However, in determining whether speech constitutes a "true threat," thus forfeiting constitutional protection, our precedent requires either an explicit expression of the intent to commit an act of violence to the victim, or evidence of context that allows for a less explicitly threatening statement to evince such intent to commit violence, nonetheless. O'Brien, 461 Mass. at 424-425, citing Commonwealth v. Chou, 433 Mass. 229, 236 (2001). It is undisputed that the defendant's e-mail does not contain an explicit threat to harm either D.L. or his children. The issue is whether the contents of the e-mail, given the history of animus the defendant had toward D.L., allowed a rational jury to conclude the statement amounted to a true threat.

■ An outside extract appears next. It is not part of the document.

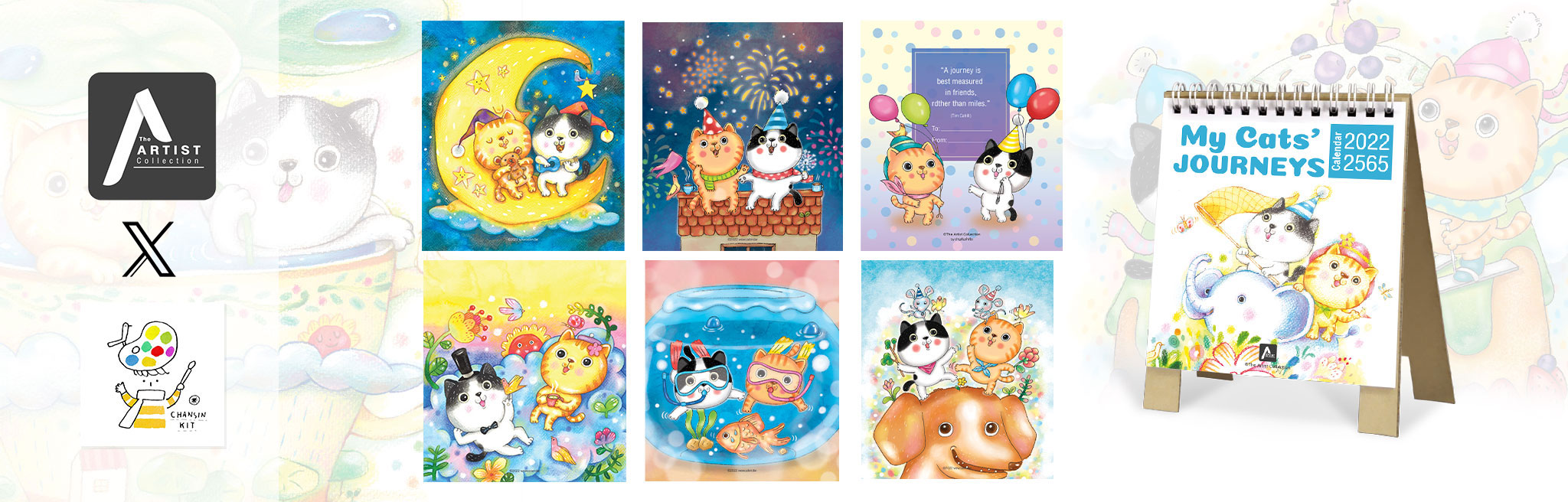ARTISTถ่านหินจำศีล ศิลปินนักวาดภาพประกอบนิทานชื่อดังผลงานที่ผ่านมานักวาดภาพประกอบผู้ออกแบบคาแรคเตอร์ที่มีชื่อเสียง มีผลงานมากมายในงานวาดภาพประกอบนิทานpocket book แบบฝึกหัดสำหรับเด็ก รวมทั้งสมุดโน้ตต่างๆ ARTIST COLLECTION Collection“My Cats’ Journey”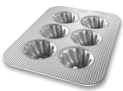 The USA Pan 6 well Swirl Cupcake Pan measures a full 3.688 x 2.5 x 1.781 inches in each cup. This pan provides home bakers with an easy way to bake elegant swirl cupcakes for parties, events, and family functions. A simple twist on a baking classic, the swirl cupcake is perfectly finished with a variety of glazes such as a rich chocolate glaze or simple confectioners’ sugar glaze. The pan surface is coated with a patented AMERICOAT Plus coating; a non-stick silicone, allowing you to easily release your baked goods from the pan. AMERICOAT Plus is PTFE, PFOA and BPA free. Every USA Pan is made in the USA and has been designed with the same standard high performance features that commercial bakers enjoy including aluminized steel and heavy gauge steel construction that allows for even heat distribution and maximum service life. USA Pan 6 well Swirl Cupcake Pan’s unique fluted panel surface design facilitates air circulation and also maximizes pan strength, which helps to resist warping. USA Pan bakeware is long-lasting, durable, reliable. USA Pan’s professional grade bakeware helps everyday home bakers produce professional grade baked goods. USA Pan is a Bundy Family owned company, based in Pennsylvania that has been producing high performance bakeware for over 50 years.

This court provided an example of sufficient context present to support an inference that speech constituted a "true threat" in J.C. v. J.H., 92 Mass.App.Ct. 224, 225-229 (2017). This court concluded that a defendant's statements to the plaintiff of a restraining order that included "[you] should be scared," "bitch," "[you will] pay the consequences," and that "[t]his will end badly for [you]" amounted to sufficient evidence of true threats when viewed in context of the defendant refusing to stop following and contacting the victim over an extended period of time, despite admonitions from law enforcement. Id.

The following cases provide further examples of sufficient evidence of speech amounting to true threats: Chou, 433 Mass. at 235-237 (defendant's flyers that included sexually charged language and stated victim is missing constituted "true threat," as "defendant's language had no expressive purpose but was instead, intended to 'get back' at the victim by placing her in fear that she might suffer some sexual harm or wind up among the 'missing'"); Commonwealth v. Sholley, 432 Mass. 721, 725-727 (2000) (defendant's statement "Watch out, Counselor," to assistant district attorney, amounted to "true threat" when considering defendant's demeanor, tone of voice, and predictions of "war" and "bloodshed"); A.S.R. v. A.K.A., 92 Mass.App.Ct. 270, 278-280 (2017) (defendant's statements to her former boyfriend that "she fantasized about killing [him]," constituted "true threat").

Such context is lacking here. We disagree with the Commonwealth that the defendant's prior statement that she wanted to torture D.L.'s children provided sufficient context to support the reasonable inference that, by copying D.L. in her e-mail to M.K., she intended to convey an intent to physically harm D.L. or his children.

Instead, the evidence supported the inference that the defendant, upset by the school committee's refusal to rescind the no-trespass order, lashed out at M.K., as she had done previously to D.L., by making comments about subjecting his children to the bullying that she believed her child had encountered at school. Although the contents of the defendant's e-mail to M.K. may constitute harassment in the colloquial sense, they did not rise to the level of a true threat. See Seney, 467 Mass. at 59 & n.2, 63-64 (e-mail sent by little league player's mother to head coach describing plaintiff "in unflattering terms" and threatening to "forward this email along to the rest of the team if these issues are not resolved" did not amount to true threat sufficient for act of harassment "because, at the very least, it was not directed at him," even when considered in context of defendant's other explicit threats to "punch [plaintiff] in the face" and "break both of [his] knees"); Van Liew v. Stansfield, 474 Mass. 31, 33, 39 (2016) (finding phone call where defendant yelled that plaintiff was "wrong, uneducated or stupid" did not amount to "'true threat' of imminent physical harm or words that would cause someone to fear such harm" even considering defendant had previously "threatened" to "com[e] after" victim [quotation and citation omitted]).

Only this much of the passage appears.